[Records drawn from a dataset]
------------------------------------

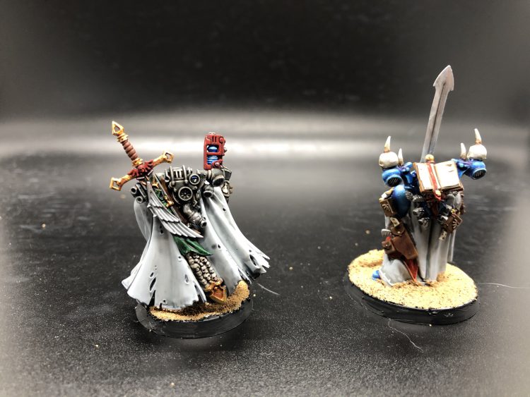 All the time I didn't spend on the 11-point bolter joes, I put into these two. Lesson learned here: I should absolutely not have assembled Cypher before painting him. Those robes were particularly unkind, and results would have been both easier and better if I'd done him in sub-assemblies. I put more than the usual effort into the Sorcerer, who is the Dark Vengeance master with a Chaos backpack, a Deathwing head, and every single book-shaped bit I had stuck on to him. He was painted as a Librarian more because I wanted to see if I could remember how to layer than anything else. His armor was built up from Vallejo Stormy Blue in the deepest recesses, to a 50/50 mix of Bone White and Electric Blue on the very highlights.
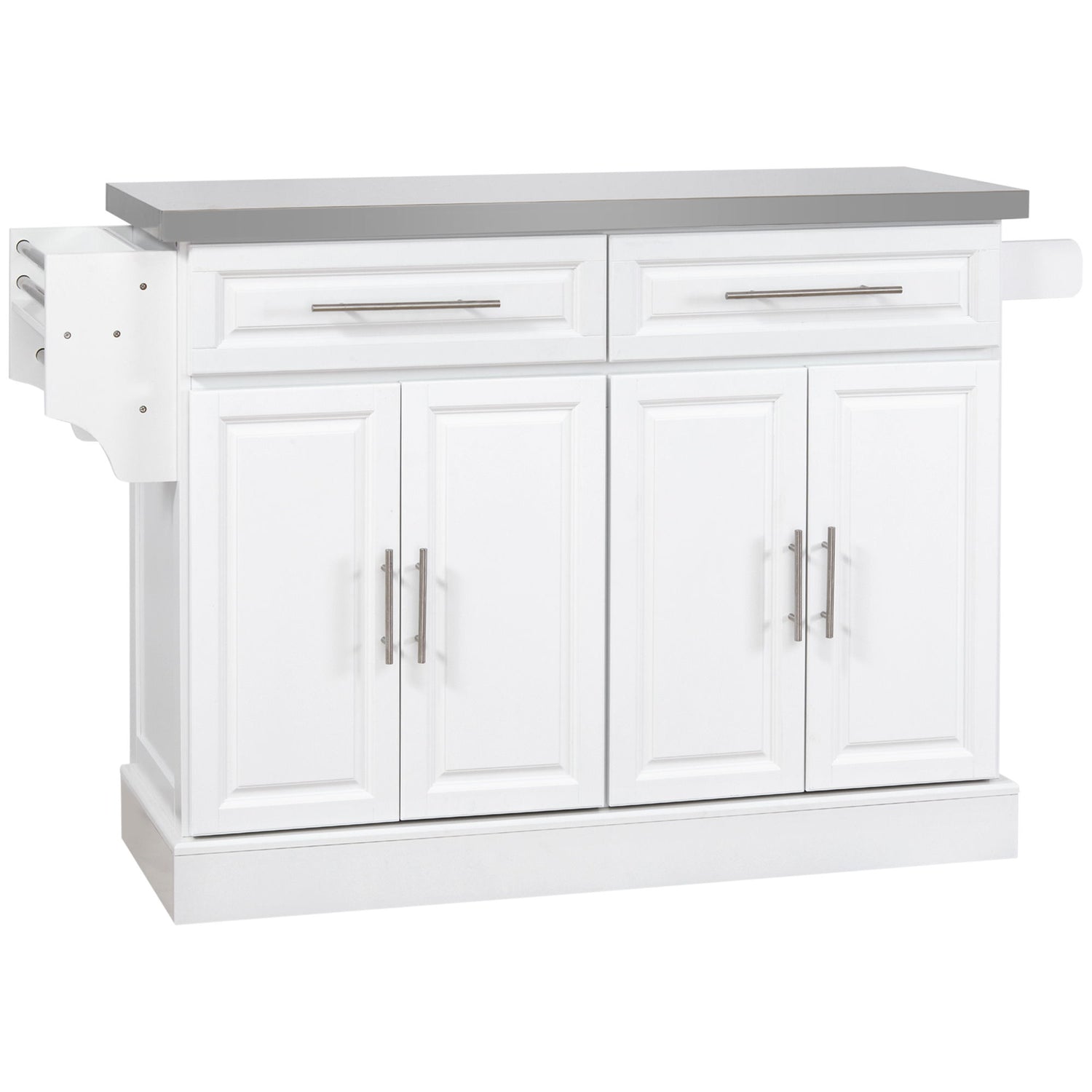 Homcom - Rolling Kitchen Island With Storage, Portable Kitchen Cart With Stainless Steel Top, 2 Drawers, Spice, Knife And Towel Rack And Cabinets - White
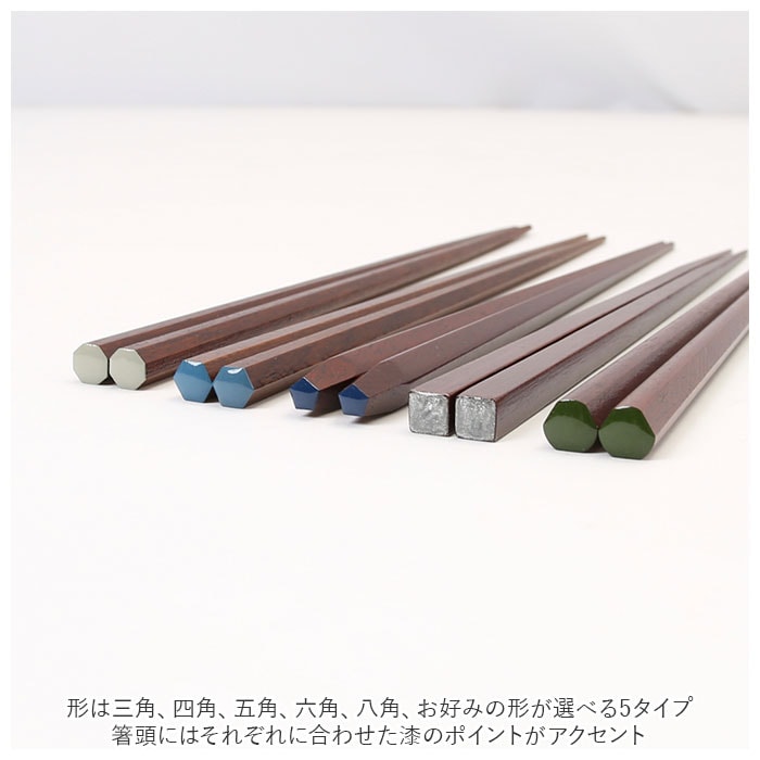 | 商品説明 | 自分の手にしっくり馴染むお箸で毎日を快適に。「かたちプロジェクト 多角形箸。」天然木に漆塗り加工がされているので、使い心地が良くお手入れも簡単。細めの箸先で食材がつかみやすく、使い勝手抜群。長さは男性の手にぴったりな23cm、女性の手に馴染む21cmの2タイプ。形は三角、四角、五角、六角、八角、お好みの形が選べる5タイプ。箸頭にはそれぞれに合わせた漆のポイントがアクセント。シンプルなデザインで普段使いに最適。安心の日本製。 |
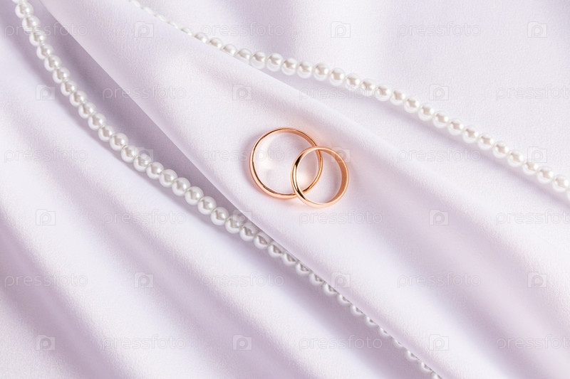 Два классических золотых обручальных кольца на белом атласном фоне с красивыми складками и ниткой жемчужных бус. Концепция свадебного дизайна. приглашение
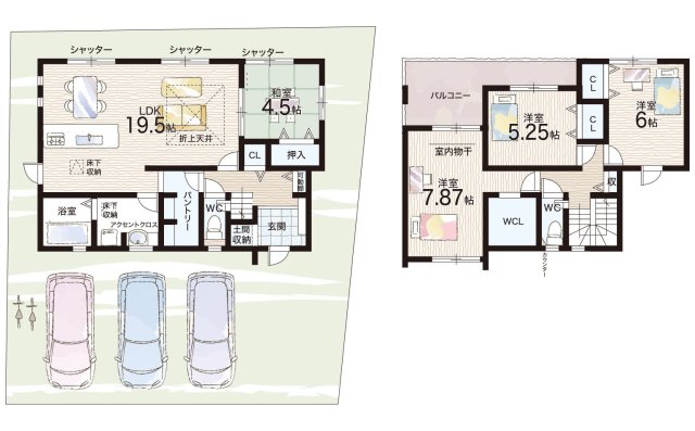 - ※完成予想図やCG合成画像は、門塀・植栽・庭・外観等、実際とは多少異なる場合があります。
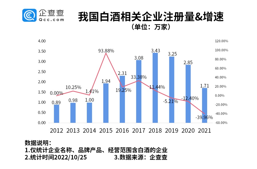 據(jù)企查查數(shù)據(jù)顯示,我國現(xiàn)存白酒相關企業(yè)超19萬家。2022年上半年,我國新增白酒相關企業(yè)4776家,同比減少45.26%。2019年我國新增白酒相關企業(yè)3.25萬家,同比減少5.21%。2020年新增2.85萬家,同比減少12.40%。2021年新增1.71萬家,同比減39.96%。
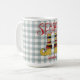 Fun Holiday Season tasse à café avec un texte "Bonnes Fêtes" à la main festif avec une paire de chaussures elf Christmasy et de la place pour ajouter personnalisation sur un arrière - plan plaid gris et blanc.

------------------------------------

▶ [Description of the task]
Return all of the records above exactly as written. Omit each picture.

▶ [Exercise result]
 All the time I didn't spend on the 11-point bolter joes, I put into these two. Lesson learned here: I should absolutely not have assembled Cypher before painting him. Those robes were particularly unkind, and results would have been both easier and better if I'd done him in sub-assemblies. I put more than the usual effort into the Sorcerer, who is the Dark Vengeance master with a Chaos backpack, a Deathwing head, and every single book-shaped bit I had stuck on to him. He was painted as a Librarian more because I wanted to see if I could remember how to layer than anything else. His armor was built up from Vallejo Stormy Blue in the deepest recesses, to a 50/50 mix of Bone White and Electric Blue on the very highlights.
 Homcom - Rolling Kitchen Island With Storage, Portable Kitchen Cart With Stainless Steel Top, 2 Drawers, Spice, Knife And Towel Rack And Cabinets - White
 | 商品説明 | 自分の手にしっくり馴染むお箸で毎日を快適に。「かたちプロジェクト 多角形箸。」天然木に漆塗り加工がされているので、使い心地が良くお手入れも簡単。細めの箸先で食材がつかみやすく、使い勝手抜群。長さは男性の手にぴったりな23cm、女性の手に馴染む21cmの2タイプ。形は三角、四角、五角、六角、八角、お好みの形が選べる5タイプ。箸頭にはそれぞれに合わせた漆のポイントがアクセント。シンプルなデザインで普段使いに最適。安心の日本製。 |
 Два классических золотых обручальных кольца на белом атласном фоне с красивыми складками и ниткой жемчужных бус. Концепция свадебного дизайна. приглашение
 - ※完成予想図やCG合成画像は、門塀・植栽・庭・外観等、実際とは多少異なる場合があります。
 據(jù)企查查數(shù)據(jù)顯示,我國現(xiàn)存白酒相關企業(yè)超19萬家。2022年上半年,我國新增白酒相關企業(yè)4776家,同比減少45.26%。2019年我國新增白酒相關企業(yè)3.25萬家,同比減少5.21%。2020年新增2.85萬家,同比減少12.40%。2021年新增1.71萬家,同比減39.96%。
 Fun Holiday Season tasse à café avec un texte "Bonnes Fêtes" à la main festif avec une paire de chaussures elf Christmasy et de la place pour ajouter personnalisation sur un arrière - plan plaid gris et blanc.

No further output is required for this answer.